Diary Studies: The Complete Guide to Longitudinal User Research

Learn how to design, run, and analyze diary studies that capture real user experiences in context. Includes how AI interviews complement diary research at scale.

Diary studies give you something most research methods cannot: a window into people's lives as they actually happen. Instead of asking participants to recall their experiences in an interview, you capture them in the moment — when the memory is fresh and the context is real.

How Diary Studies Work

A diary study is a longitudinal research method where participants self-report their experiences, behaviors, and feelings over a period of time — typically one to four weeks. Participants document specific moments or activities as they happen, rather than reconstructing them later in a lab or interview setting.

Think of it like distributed ethnography: you cannot follow someone around all day, but a diary study lets participants bring you along for the moments that matter most.

Each diary "entry" might include a photo, a short voice note, a written response, or answers to specific prompts. You control the signal-to-noise ratio by designing clear, focused prompts that capture exactly the data you need.

According to Nielsen Norman Group, diary studies are particularly valuable for understanding patterns across time and contexts that a single interview session would miss entirely. Researchers who have used diary studies report that 60–70% of key behavioral insights they captured would never have surfaced in a retrospective interview.

When to Use a Diary Study

Diary studies shine when you need to understand:

  • Frequency and patterns: How often does a behavior occur, and under what conditions?
  • In-context experiences: What are people actually feeling in the moment, not what they remember?
  • Low-frequency events: Behaviors that happen rarely and would be hard to observe directly
  • Change over time: How does a new product or habit evolve over days or weeks?

Typical use cases:

  • Understanding how people use a mobile app throughout their day
  • Capturing eating habits, exercise routines, or health behaviors
  • Tracking the adoption of a new software tool at work
  • Studying decision-making processes in B2B purchasing journeys

Diary studies are less ideal for quick feedback cycles, evaluating specific UI elements, or research questions that can be answered in a single session. For those, moderated interviews or usability testing are more efficient.

Diary Study vs. Traditional Interviews

The key difference is timing. Traditional interviews rely on retrospective recall — you ask participants to describe past experiences, and memory distorts the picture. The "peak-end rule" means people remember experiences based on their most intense moment and how they ended, not the full arc of the experience.
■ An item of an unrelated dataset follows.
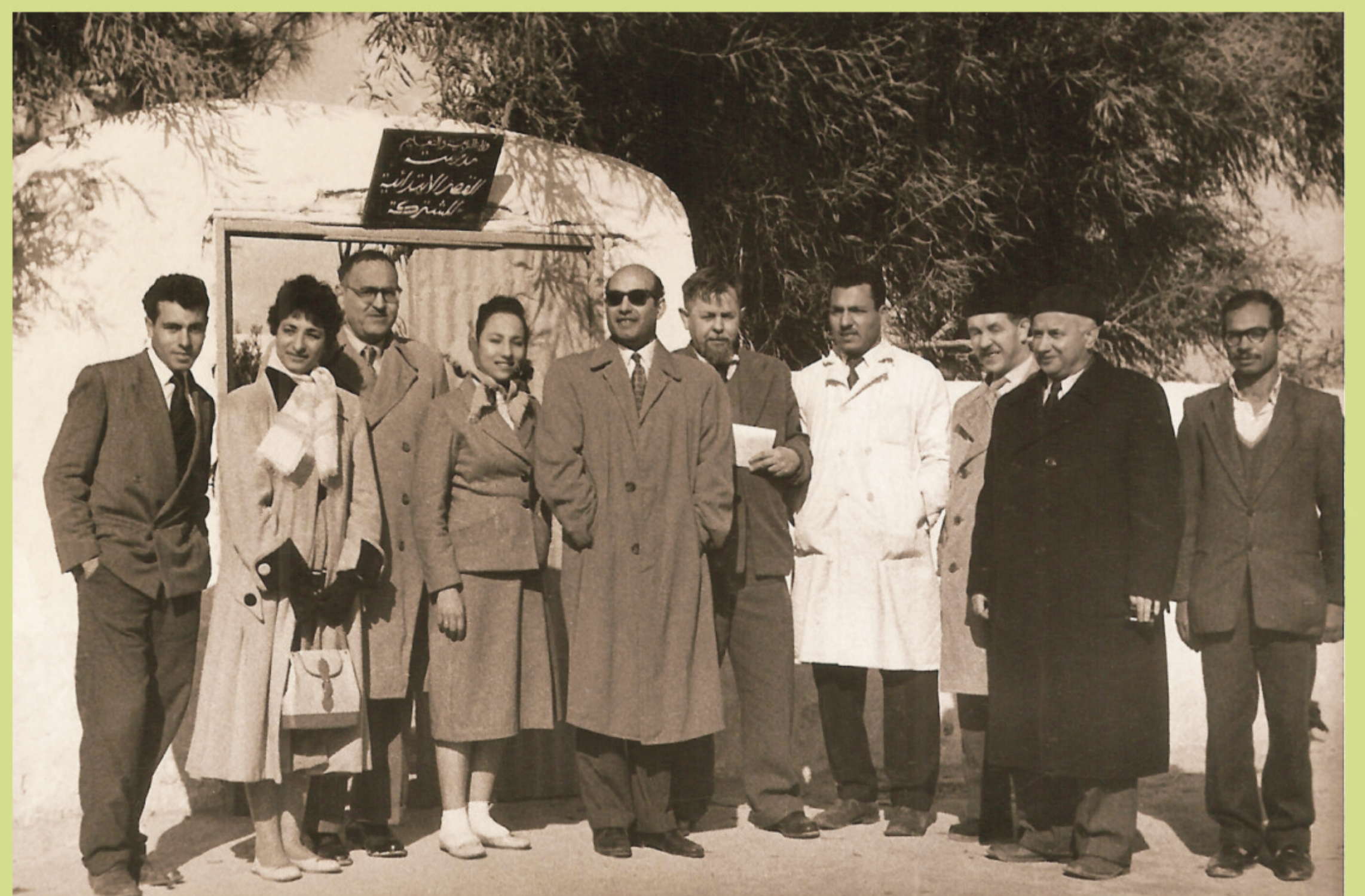
Wyprawa do Egiptu (1958)

Diary studies capture data in real time, reducing recall bias significantly. However, they are not a replacement for interviews — they are complementary. Many researchers use diary studies for discovery, then follow up with interviews to go deep on the patterns that emerge.

"Diary studies are the closest thing to being a fly on the wall," notes UX researcher Steve Portigal. "You get access to moments you would never witness in a lab."

With tools like Koji, you can run the follow-up interview phase at scale. After participants complete their diary entries, you can distribute an AI-moderated interview to probe the themes you discovered — without scheduling dozens of live sessions or waiting weeks for analysis.

How to Design a Diary Study

Step 1: Define Your Research Questions

Start with specificity. Vague research questions produce vague diary entries. Instead of "how do people use our app?", try "what triggers people to open our app, and what prevents them from completing their intended task?"

Your research questions will shape your diary prompts, your sampling method, and your analysis approach.

Step 2: Choose a Sampling Method

Three sampling methods are commonly used in diary research:

  • Interval-contingent: Participants report at fixed intervals (for example, every evening at 7pm)
  • Signal-contingent: Participants report when prompted by a random signal or notification
  • Event-contingent: Participants report whenever a specific event occurs (for example, every time they use your app)

Event-contingent sampling is most common in product research. It captures the moments you care about and reduces noise from irrelevant entries.

Step 3: Design Your Prompts

Good diary prompts are:

  • Short — participants should be able to complete an entry in 2–5 minutes
  • Specific — tied to a concrete moment, not general feelings
  • Multi-modal — allow photos, voice notes, or short text

Example prompts for a software tool study:

  • "What were you trying to do just now?"
  • "What happened? Did you succeed?"
  • "How did that make you feel? (Rate 1–5)"
  • "Upload a screenshot if possible."

Avoid leading questions. Instead of "was the experience frustrating?", ask "how would you describe what just happened?"

Step 4: Recruit and Onboard Participants

Diary studies require more commitment than a single interview. You will need 8–15 participants minimum for qualitative insights, and you should recruit with dropout in mind — expect 20–30% attrition over the study period.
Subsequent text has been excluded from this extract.